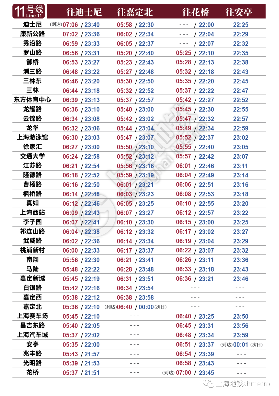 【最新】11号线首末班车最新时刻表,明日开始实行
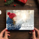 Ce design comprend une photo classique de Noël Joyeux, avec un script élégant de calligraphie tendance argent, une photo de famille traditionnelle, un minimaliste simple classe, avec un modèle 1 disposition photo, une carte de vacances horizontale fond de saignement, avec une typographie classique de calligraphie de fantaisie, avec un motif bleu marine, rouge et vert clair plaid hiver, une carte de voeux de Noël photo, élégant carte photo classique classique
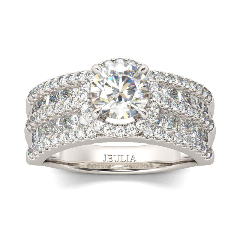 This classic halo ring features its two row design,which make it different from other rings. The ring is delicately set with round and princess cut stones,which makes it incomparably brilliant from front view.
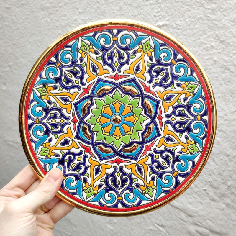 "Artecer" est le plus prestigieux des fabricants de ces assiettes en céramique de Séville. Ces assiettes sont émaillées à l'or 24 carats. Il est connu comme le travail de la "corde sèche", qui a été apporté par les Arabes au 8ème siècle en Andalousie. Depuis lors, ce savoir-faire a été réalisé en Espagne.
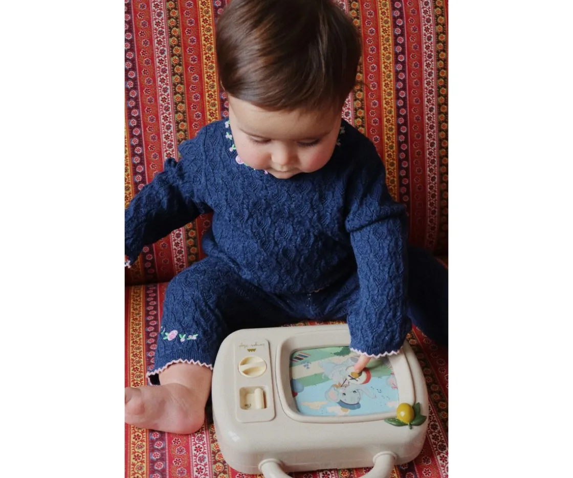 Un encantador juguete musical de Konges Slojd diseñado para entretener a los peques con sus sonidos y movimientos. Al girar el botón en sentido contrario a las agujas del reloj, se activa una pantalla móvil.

TASK INSTRUCTIONS: Write out exactly the lines from the line holding "This classic halo" through the last line of the records above, inclusive, and nothing more. Leave out the pictures.

EXERCISE ANSWER:
 This classic halo ring features its two row design,which make it different from other rings. The ring is delicately set with round and princess cut stones,which makes it incomparably brilliant from front view.
 "Artecer" est le plus prestigieux des fabricants de ces assiettes en céramique de Séville. Ces assiettes sont émaillées à l'or 24 carats. Il est connu comme le travail de la "corde sèche", qui a été apporté par les Arabes au 8ème siècle en Andalousie. Depuis lors, ce savoir-faire a été réalisé en Espagne.
 Un encantador juguete musical de Konges Slojd diseñado para entretener a los peques con sus sonidos y movimientos. Al girar el botón en sentido contrario a las agujas del reloj, se activa una pantalla móvil.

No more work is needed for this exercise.